Material provided:

++++++++++++++++++++

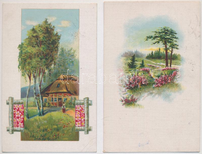 2 db RÉGI tájképes motívum képeslap vegyes minőségben / 2 pre-1945 landscape art motive postcards in mixed quality
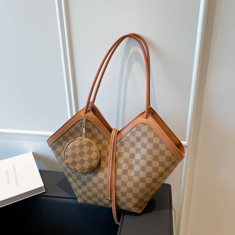 Новая корейская женская сумка-тоут в клетку премиум-класса большой вместимости, ретро-модная, легкая, роскошная, для поездок на работу коричневый
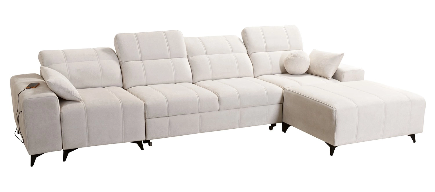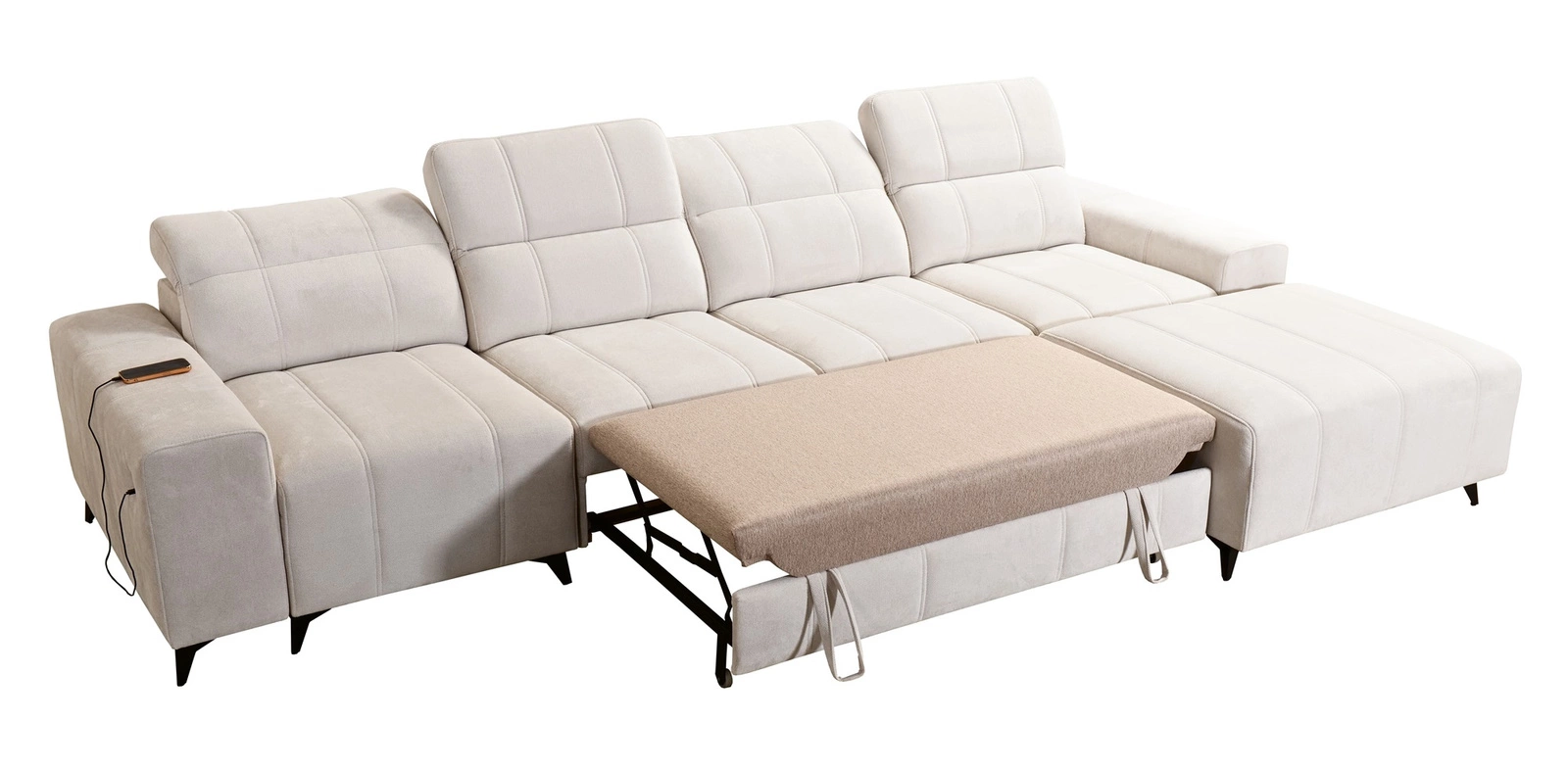 Die Extras dieses Möbels, die alle Nutzer zu schätzen wissen werden, sind die Bettzeugbehälter, die Schlaffunktion und die USB-Ladebuchse an der Seite des Eckschranks.
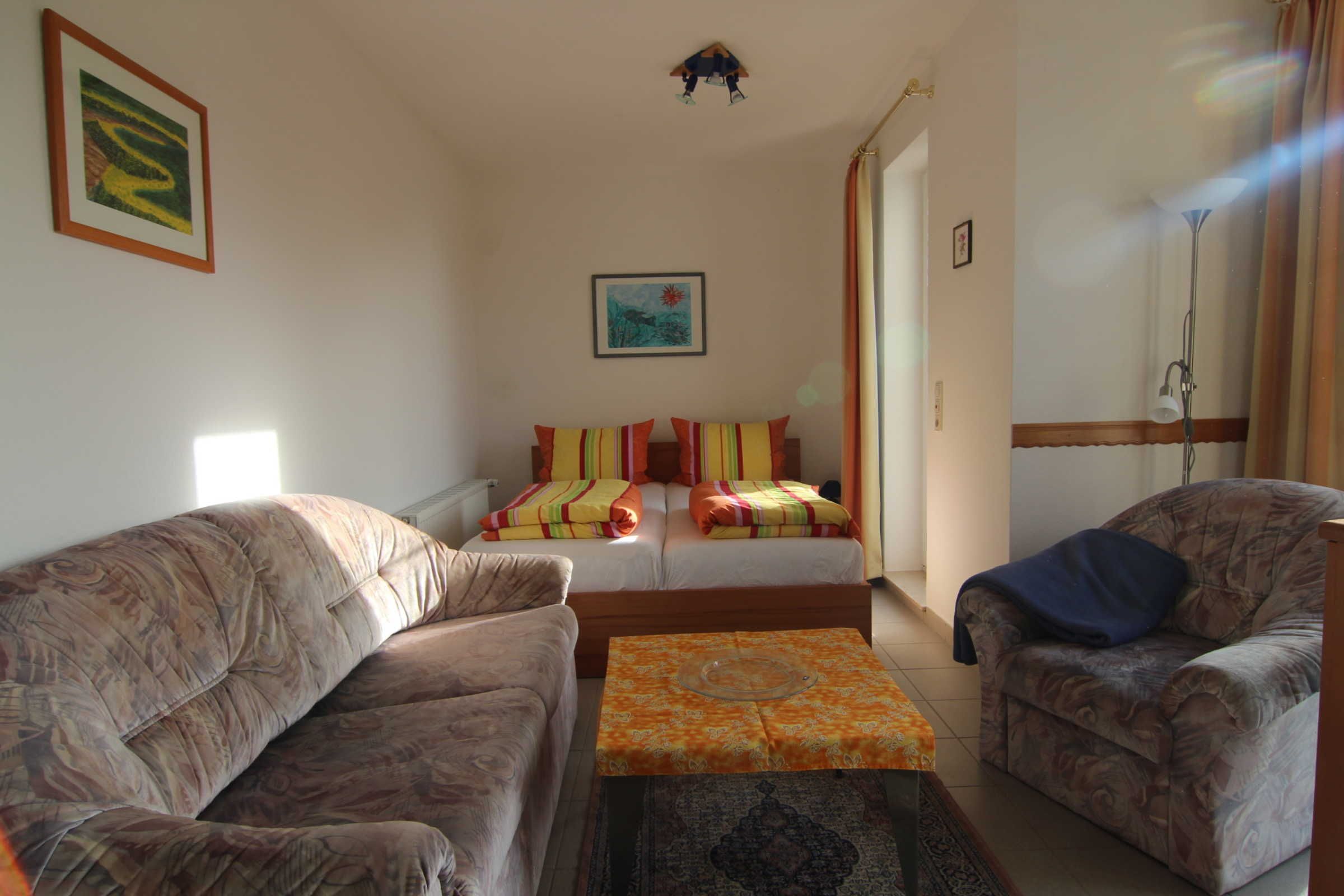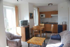 Das 25 Quadratmeter grosse Appartment ist ausgestattet mit einem kombinierten Wohn- und Schlafbereich (mit einem Doppelbett), einer offenen Küche und einem Duschbad.

++++++++++++++++++++

Task to complete: Leave the pictures out, and reproduce only the lines from the line holding "Новая корейская женская" through the last line of the material, both included.

Task solution:
 Новая корейская женская сумка-тоут в клетку премиум-класса большой вместимости, ретро-модная, легкая, роскошная, для поездок на работу коричневый
 Die Extras dieses Möbels, die alle Nutzer zu schätzen wissen werden, sind die Bettzeugbehälter, die Schlaffunktion und die USB-Ladebuchse an der Seite des Eckschranks.
 Das 25 Quadratmeter grosse Appartment ist ausgestattet mit einem kombinierten Wohn- und Schlafbereich (mit einem Doppelbett), einer offenen Küche und einem Duschbad.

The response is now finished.